Asymptotic normality:

By central limit theorem and delta method, we have that

n^{1 / 2} {({\hat{C R}}_{{t_{j}^{S}}_{j = 0}^{J_{1}}} - {\hat{C R}}_{{t_{j}^{L}}_{j = 0}^{J_{2}}}) - (C R_{{t_{j}^{S}}_{j = 0}^{J_{1}}} - C R_{{t_{j}^{L}}_{j = 0}^{J_{2}}})} \overset{D}{\to} N (0, σ_{R D}^{2}),

n^{1 / 2} {log ({\hat{C R}}_{{t_{j}^{S}}_{j = 0}^{J_{1}}} / {\hat{C R}}_{{t_{j}^{L}}_{j = 0}^{J_{2}}}) - log (C R_{{t_{j}^{S}}_{j = 0}^{J_{1}}} / C R_{{t_{j}^{L}}_{j = 0}^{J_{2}}})} \overset{D}{\to} N (0, σ_{R R}^{2}),

where

σ_{R D}^{2} = σ_{{t_{j}^{S}}_{j = 0}^{J_{1}}}^{2} + σ_{{t_{j}^{L}}_{j = 0}^{J_{2}}}^{2},

σ_{R R}^{2} = \frac{σ_{{t_{j}^{S}}_{j = 0}^{J_{1}}}^{2}}{C R_{{t_{j}^{S}}_{j = 0}^{J_{1}}}} + \frac{σ_{{t_{j}^{L}}_{j = 0}^{J_{2}}}^{2}}{C R_{{t_{j}^{L}}_{j = 0}^{J_{2}}}},

and $σ_{{t_{j}}_{j = 0}^{J}}^{2}$ for a general bin partition using points ${t_{j}}_{j = 0}^{J}$ is the variance of crude rate estimator ${\hat{C R}}_{{t_{j}}_{j = 0}^{J}}$ . By law of large numbers, delta method, and using the plug-in estimator in places of probabilities, this variance can be estimated by

{\hat{σ}}_{{t_{j}}_{j = 0}^{J}}^{2} = {(t_{J} - t_{0})}^{- 2} \cdot n \cdot \sum_{j = 1}^{J} \frac{\sum_{i = 1}^{n} 𝟙 (t_{j - 1} \leq Y_{i} < t_{j}, Δ_{i} = 1) \times \sum_{i = 1}^{n} {𝟙 (Y_{i} \geq t_{j - 1}) - 𝟙 (t_{j - 1} \leq Y_{i} < t_{j}, Δ_{i} = 1)}}{{\sum_{i = 1}^{n} 𝟙 (Y_{i} \geq t_{j - 1})}^{3}} .

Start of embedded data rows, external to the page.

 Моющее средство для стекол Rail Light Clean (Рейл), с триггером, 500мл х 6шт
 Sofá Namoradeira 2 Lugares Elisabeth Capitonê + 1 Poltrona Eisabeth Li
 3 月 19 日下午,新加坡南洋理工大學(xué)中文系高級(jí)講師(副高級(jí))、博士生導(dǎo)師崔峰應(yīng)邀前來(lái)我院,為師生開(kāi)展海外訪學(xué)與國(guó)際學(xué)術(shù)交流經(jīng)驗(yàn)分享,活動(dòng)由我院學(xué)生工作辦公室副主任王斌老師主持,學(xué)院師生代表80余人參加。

Therefore, variances of crude rate difference and ratios can be estimated respectively using

{\hat{σ}}_{R D}^{2} = {\hat{σ}}_{{t_{j}^{S}}_{j = 0}^{J_{1}}}^{2} + {\hat{σ}}_{{t_{j}^{L}}_{j = 0}^{J_{2}}}^{2},

{\hat{σ}}_{R R}^{2} = \frac{{\hat{σ}}_{{t_{j}^{S}}_{j = 0}^{J_{1}}}^{2}}{{\hat{C R}}_{{t_{j}^{S}}_{j = 0}^{J_{1}}}} + \frac{{\hat{σ}}_{{t_{j}^{L}}_{j = 0}^{J_{2}}}^{2}}{{\hat{C R}}_{{t_{j}^{L}}_{j = 0}^{J_{2}}}} .

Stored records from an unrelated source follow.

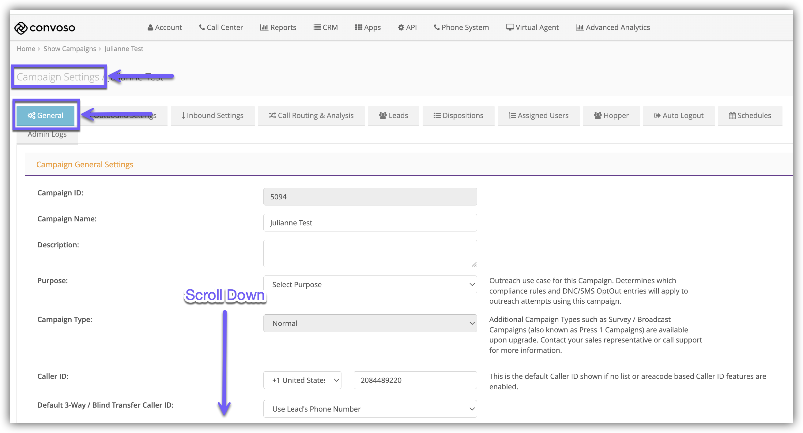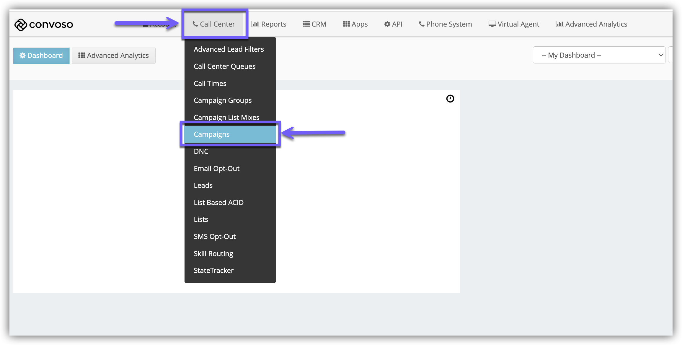 1.) Click the Call Center main menu.
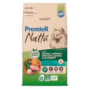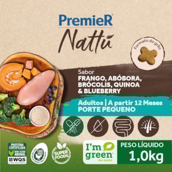 Ração PremieR Nattu Cães Adultos Raças Pequenas Sabor Frango, Abóbora e Brócolis 1,0kg
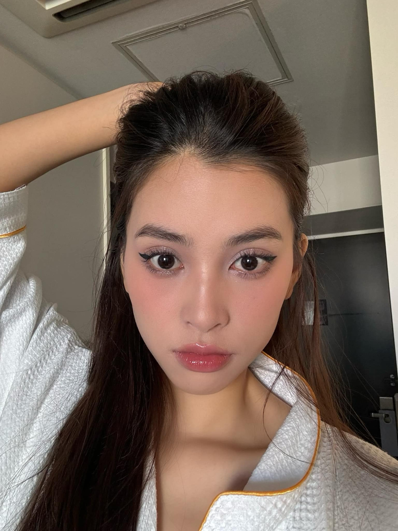 Quan sát kỹ, netizen phát hiện quầng mắt của nàng hậu hơi thâm, có lẽ do cô bị mất ngủ. Nhưng nhược điểm này vẫn không làm giảm độ xinh đẹp của Tiểu Vy và có thể dễ dàng giấu đi bằng một vài mẹo trang điểm.
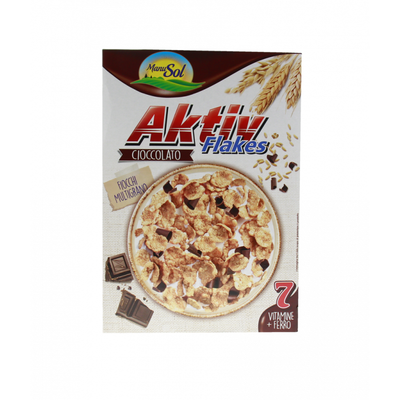 Riso (43%), riccioli di cioccolato fondente (180/0) (zucchero, pasta di cacao, burro di cacao, emulsionante: lecitina di soia, aroma naturale di vaniglia), frumento integrale zucche- ro, glutine di frumento, latte scremato in polvere, germe di frumento, amido di frumento, sale, estratto di malto d'orzo, agente lievitante: carbonato acido di sodio, emulsionante: mono- e digliceridi degli acidi grassi, vitamine (BI,B2, PP, B6, acido folico, BI 2, B5), ferro. Può contenere frutta a guscio e senape, Fiocchi di riso e frumento integrale e ricchi di di cioccolato fondente
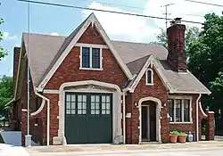It is a 1+1⁄2-story fire station which was designed to appear residential, with elements of Tudor Revival style.[2]

Note that the variances of crude rate difference and log ratio have clean forms because the crude rates over non-overlapping intervals are in fact independent.

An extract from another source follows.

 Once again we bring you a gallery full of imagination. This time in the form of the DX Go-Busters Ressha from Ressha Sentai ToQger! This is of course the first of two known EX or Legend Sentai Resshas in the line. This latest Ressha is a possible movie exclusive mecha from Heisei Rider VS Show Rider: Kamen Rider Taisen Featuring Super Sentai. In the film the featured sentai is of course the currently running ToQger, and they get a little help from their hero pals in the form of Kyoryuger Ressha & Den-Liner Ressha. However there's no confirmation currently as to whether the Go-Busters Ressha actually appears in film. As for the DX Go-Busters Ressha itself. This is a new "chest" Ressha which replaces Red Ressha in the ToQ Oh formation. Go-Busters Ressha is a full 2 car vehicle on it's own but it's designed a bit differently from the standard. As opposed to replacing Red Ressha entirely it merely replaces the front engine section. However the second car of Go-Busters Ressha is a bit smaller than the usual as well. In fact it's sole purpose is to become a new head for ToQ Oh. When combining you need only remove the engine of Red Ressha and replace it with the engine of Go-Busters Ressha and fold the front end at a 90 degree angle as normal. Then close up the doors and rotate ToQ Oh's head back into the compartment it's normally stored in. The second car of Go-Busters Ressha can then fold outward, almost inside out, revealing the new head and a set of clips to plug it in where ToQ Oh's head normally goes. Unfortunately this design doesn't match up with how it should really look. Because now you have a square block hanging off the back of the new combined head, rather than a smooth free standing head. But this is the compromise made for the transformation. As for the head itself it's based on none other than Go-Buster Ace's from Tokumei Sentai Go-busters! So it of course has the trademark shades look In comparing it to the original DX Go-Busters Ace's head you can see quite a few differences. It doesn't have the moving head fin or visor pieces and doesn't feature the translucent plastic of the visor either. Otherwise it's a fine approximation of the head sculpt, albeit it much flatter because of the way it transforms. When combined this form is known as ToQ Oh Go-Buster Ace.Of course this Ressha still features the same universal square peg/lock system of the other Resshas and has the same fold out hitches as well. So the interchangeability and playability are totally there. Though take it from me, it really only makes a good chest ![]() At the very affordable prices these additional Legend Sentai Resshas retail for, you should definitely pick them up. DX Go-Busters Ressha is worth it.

Statistical inference results presented above follow from routine maximum likelihood estimator theories, and construction of the confidence intervals has specifically adopted the delta method. Alternatively, the Fieller’s method could be used for the ratio’s confidence interval. However, both theoretical¹⁸ and simulation¹⁹ results in the literature have suggested that the Fieller and Delta confidence intervals have only minimal differences, especially when the two quantities in a ratio have a small correlation as is the case in the crude rate ratio.

Confidence intervals:

Let $\hat{R D}$ denote the crude rate difference, $\hat{R R}$ the crude rate ratio, and let RD and RR be their convergents. The (1 − α)% confidence intervals can be constructed as

(\hat{R D} - n^{- 1 / 2} \cdot z_{1 - α / 2} \cdot {\hat{σ}}_{R D}, \hat{R D} + n^{- 1 / 2} \cdot z_{1 - α / 2} \cdot {\hat{σ}}_{R D}) (exp {log \hat{R R} - n^{- 1 / 2} \cdot z_{1 - α / 2} \cdot {\hat{σ}}_{R R}}, exp {log \hat{R R} + n^{- 1 / 2} \cdot z_{1 - α / 2} \cdot {\hat{σ}}_{R R}}),

where z_1−α∕2 is the 100 ⋅ (1 − α∕2)% quantile of standard normal.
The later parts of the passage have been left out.